## Recorded information

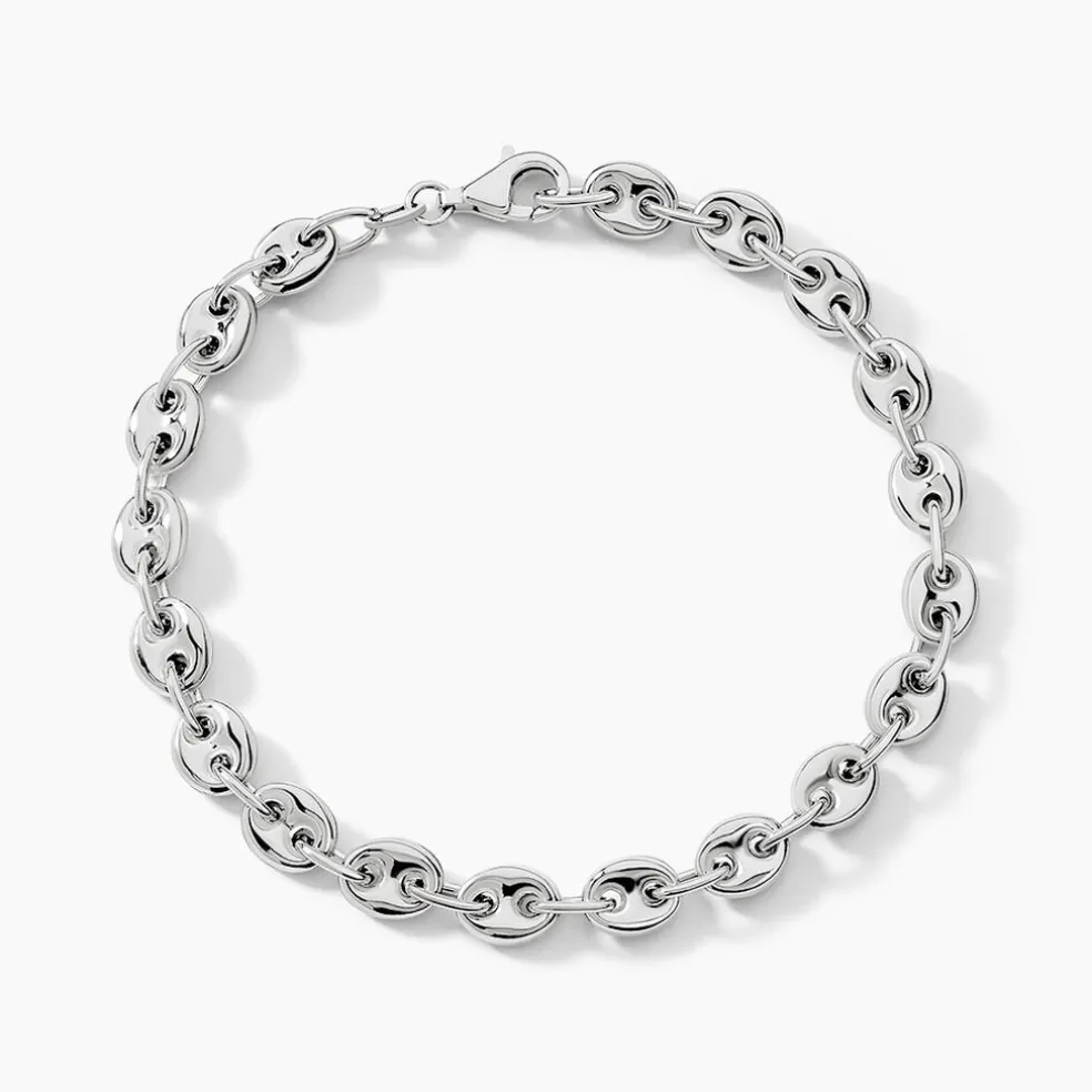 Bracelet Argent Blanc 925/1000 Maille Grain De Cafe Epaisseur 6mm 20cm
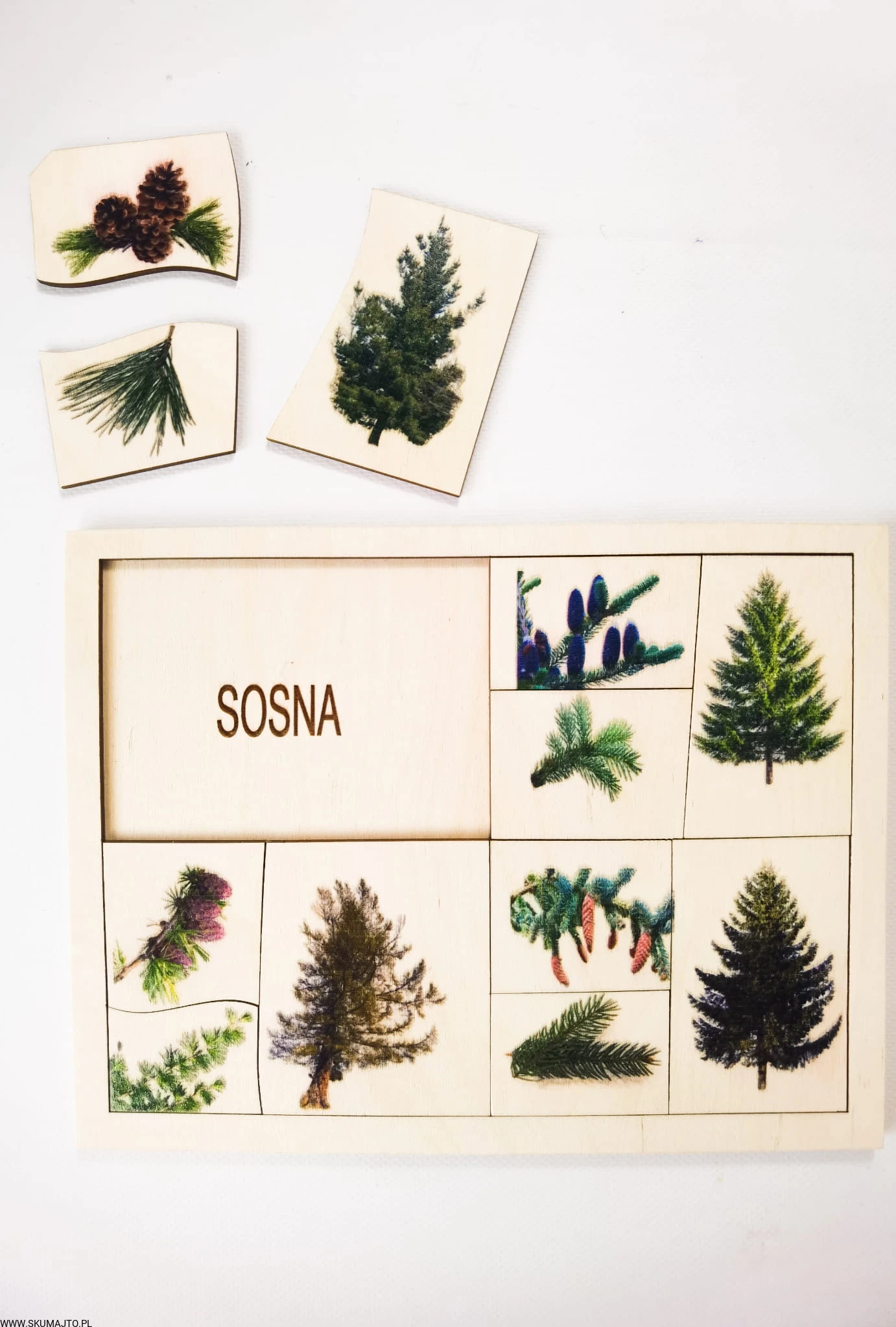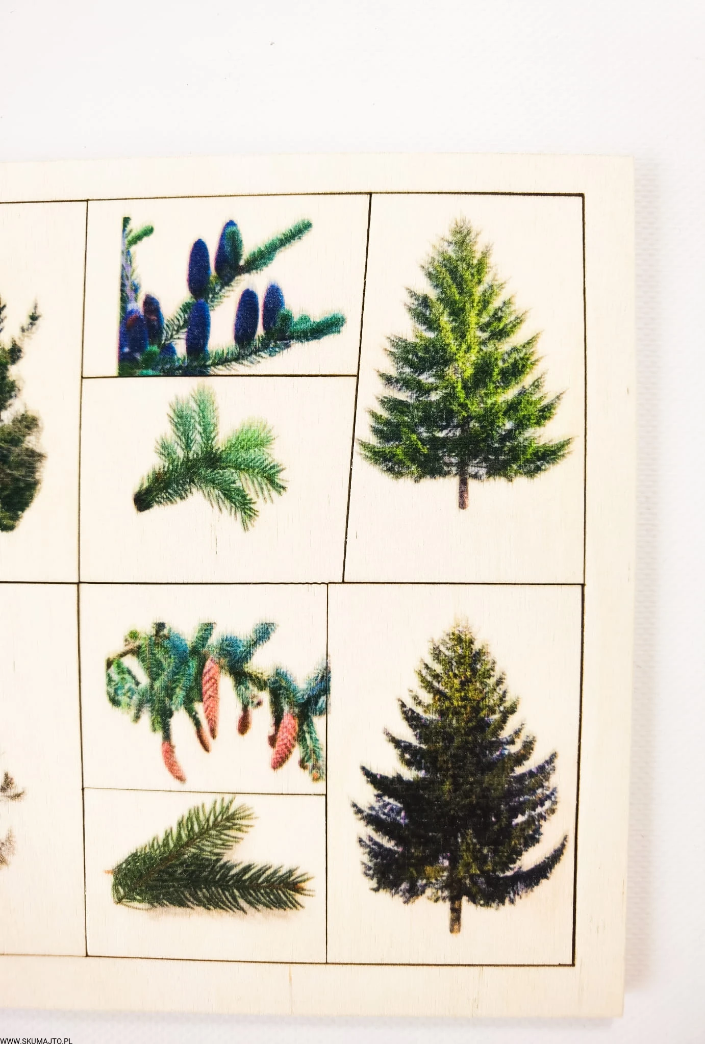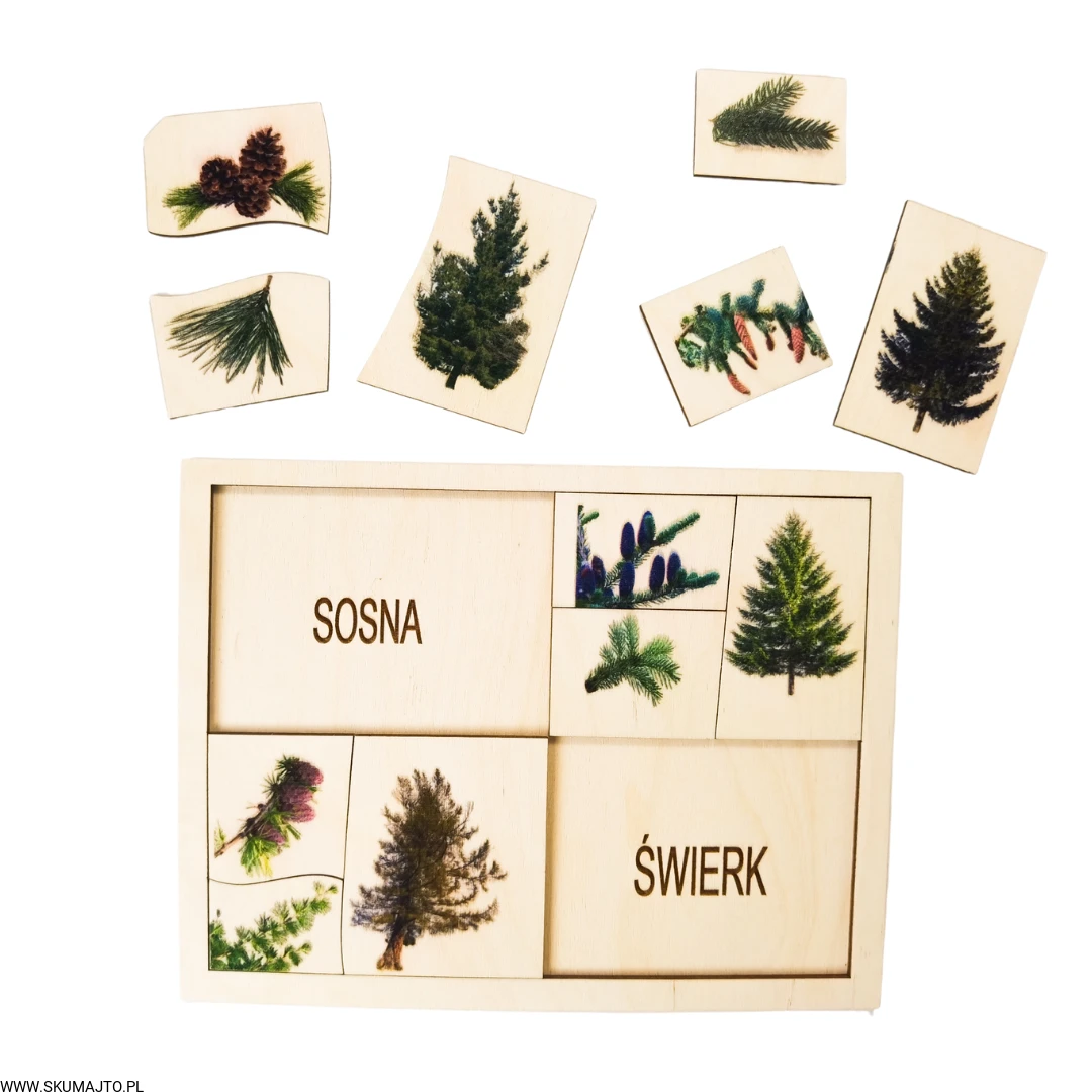 Rodzaje drzew iglastych, drewniana układanka, drzewa leśne
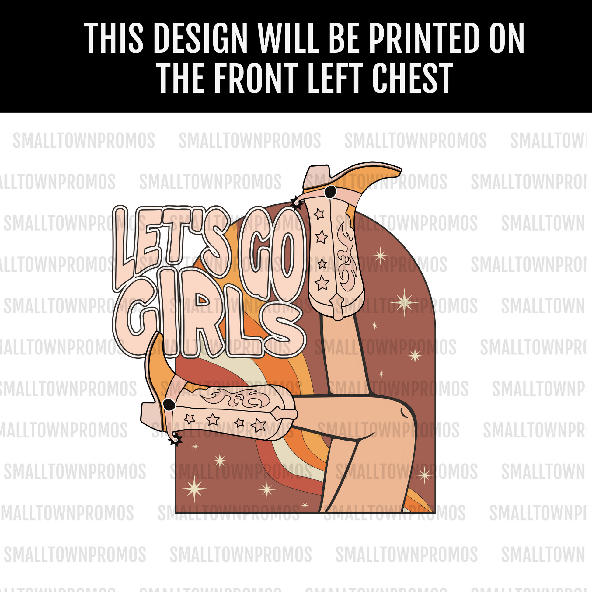 Let's go girls!! It's a full color design printed on the front left chest of the shirt.
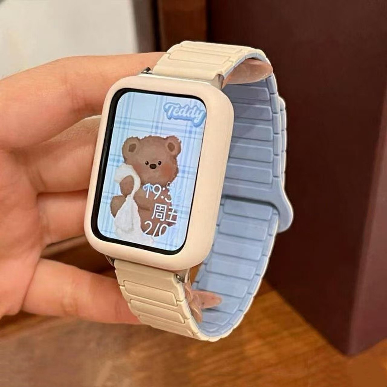 适用小米手环9pro手表铠甲硅胶表带8pro八九代替换腕带磁吸回环红米watch6/5/4表带拼色男女款百搭新款高级冬

## Task
Your reply should consist of the data, transcribed exactly, and should hold no pictures.

## Task solution
 Bracelet Argent Blanc 925/1000 Maille Grain De Cafe Epaisseur 6mm 20cm
 Rodzaje drzew iglastych, drewniana układanka, drzewa leśne
 Let's go girls!! It's a full color design printed on the front left chest of the shirt.
 适用小米手环9pro手表铠甲硅胶表带8pro八九代替换腕带磁吸回环红米watch6/5/4表带拼色男女款百搭新款高级冬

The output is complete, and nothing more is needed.